Genetic Architecture of Complex Traits and Accuracy of Genomic Selection in Dairy Cattle
MetadataShow full item record
Genomic selection has emerged as an effective approach in dairy cattle breeding, in which the key is prediction of genetic merit using dense SNP genotypes, i.e., genomic prediction. To improve the accuracy of genomic prediction, we need better understanding of the genetic architecture of complex traits and more sophisticated statistical modeling. In this dissertation, I developed several computing tools and performed a series of studies to investigate the genetic architecture of complex traits in dairy cattle and to improve genomic prediction models. First, we dissected additive, dominance, and imprinting effects for production, reproduction and health traits in dairy cattle. We found that non-additive effects contributed a non-negligible amount (more for reproduction traits) to the total genetic variance of complex traits in cattle. We also identified a dominant quantitative trait locus (QTL) for milk yield, revealing that detection of QTLs with non-additive effect is possible in genome-wide association studies (GWAS) using a large dataset. Second, we developed a powerful Bayesian method and a fast software tool (BFMAP) for SNP-set association and fine-mapping. We demonstrated that BFMAP achieves a power similar to or higher than existing software tools but is at least a few times faster for association tests. We also showed that BFMAP performs well for fine-mapping and can efficiently integrate fine-mapping with functional enrichment analysis.
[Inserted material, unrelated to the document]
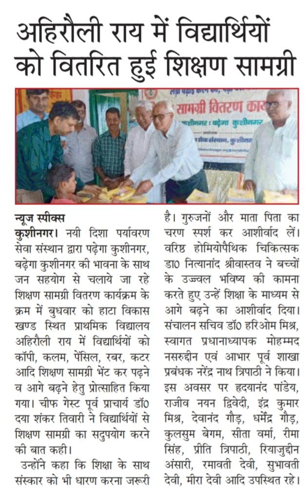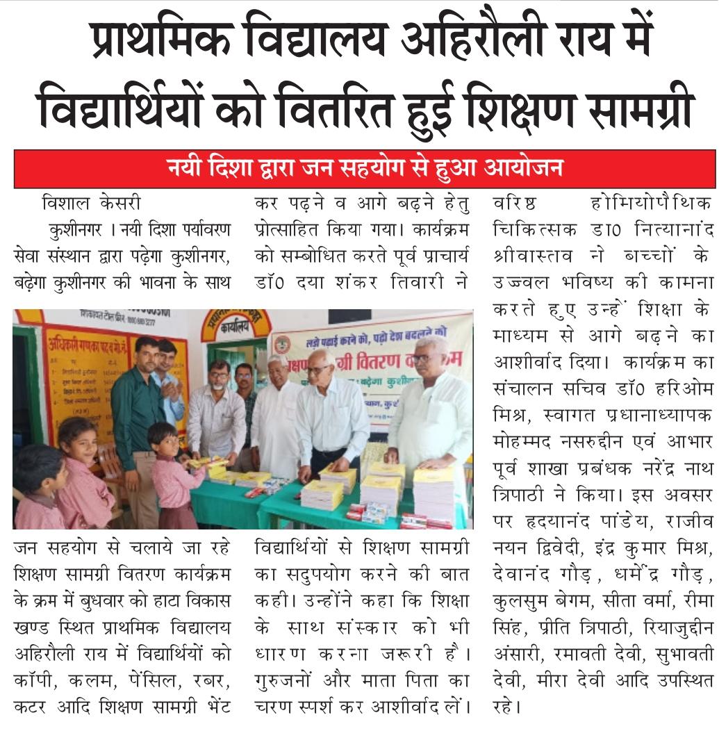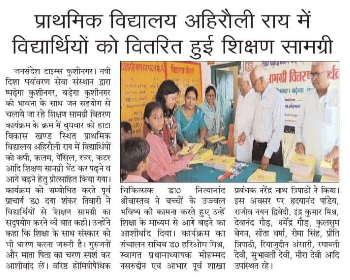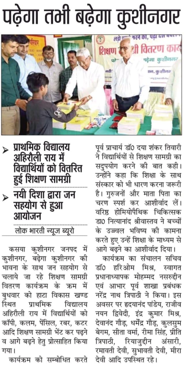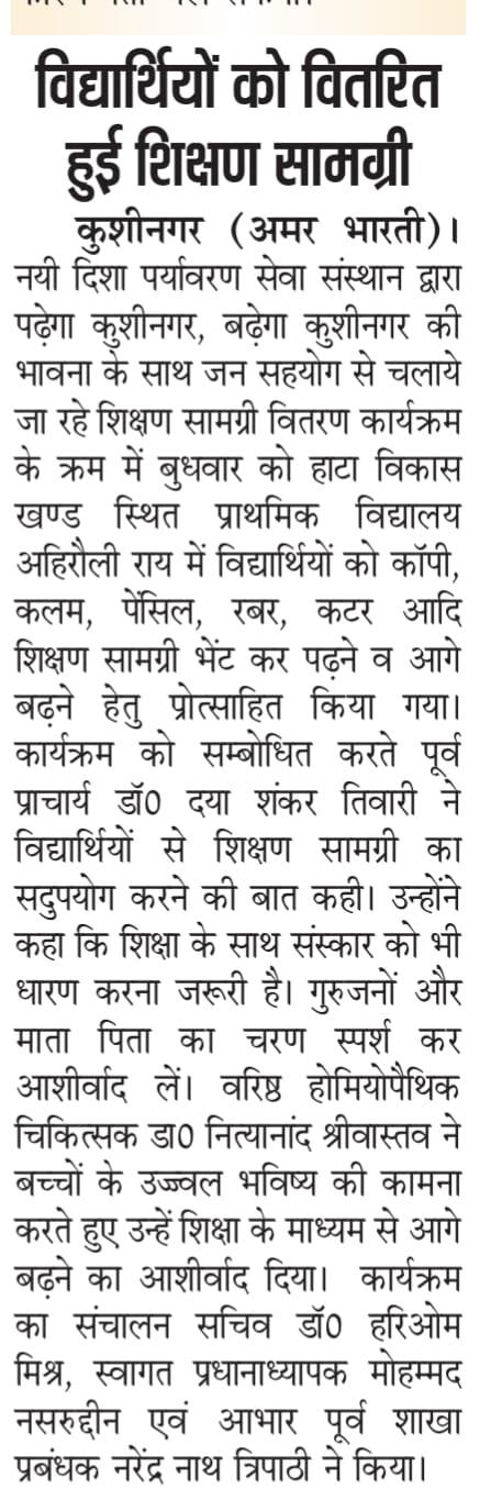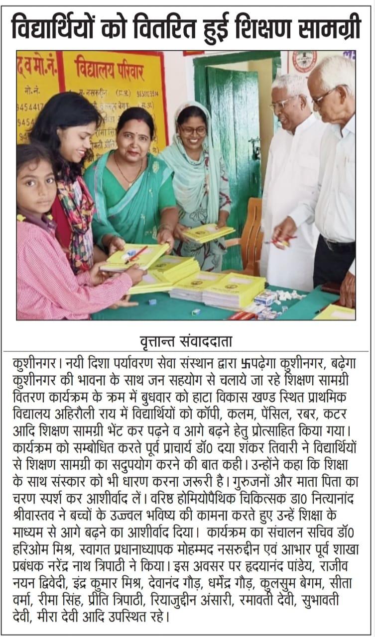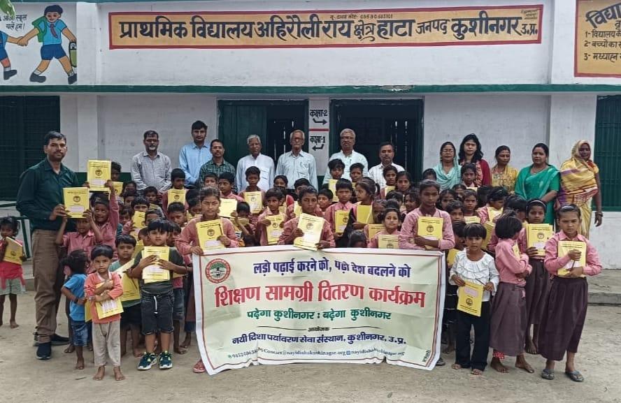 संस्थान द्वारा "पढ़ेगा कुशीनगर, बढ़ेगा कुशीनगर" की भावना के साथ जन सहयोग से चलाये जा रहे शिक्षण सामग्री वितरण कार्यक्रम के क्रम में हाटा विकास खण्ड स्थित प्राथमिक विद्यालय अहिरौली राय में विद्यार्थियों को कॉपी, कलम, पेंसिल, रबर, कटर आदि शिक्षण सामग्री भेंट कर पढ़ने व आगे बढ़ने हेतु प्रोत्साहित किया गया।

Third, we performed large-scale GWAS and fine-mapped 35 production, reproduction, and body conformation traits to single-gene resolution. We identified many novel association signals and many promising candidate genes. We also characterized causal effect enrichment patterns for a few functional annotations in dairy cattle genome and showed that our fine-mapping result can be readily used for future functional studies. Fourth, we developed an efficient Bayesian method and a fast computing tool (SSGP) for using functional annotations in genomic prediction. We demonstrated that the method and software have great potential to increase accuracy in genomic prediction and the capability to handle very large data. Collectively, these studies advance our understanding of the genetic architecture of complex traits in dairy cattle and provide fast computing tools for analyzing complex traits and improving genomic prediction.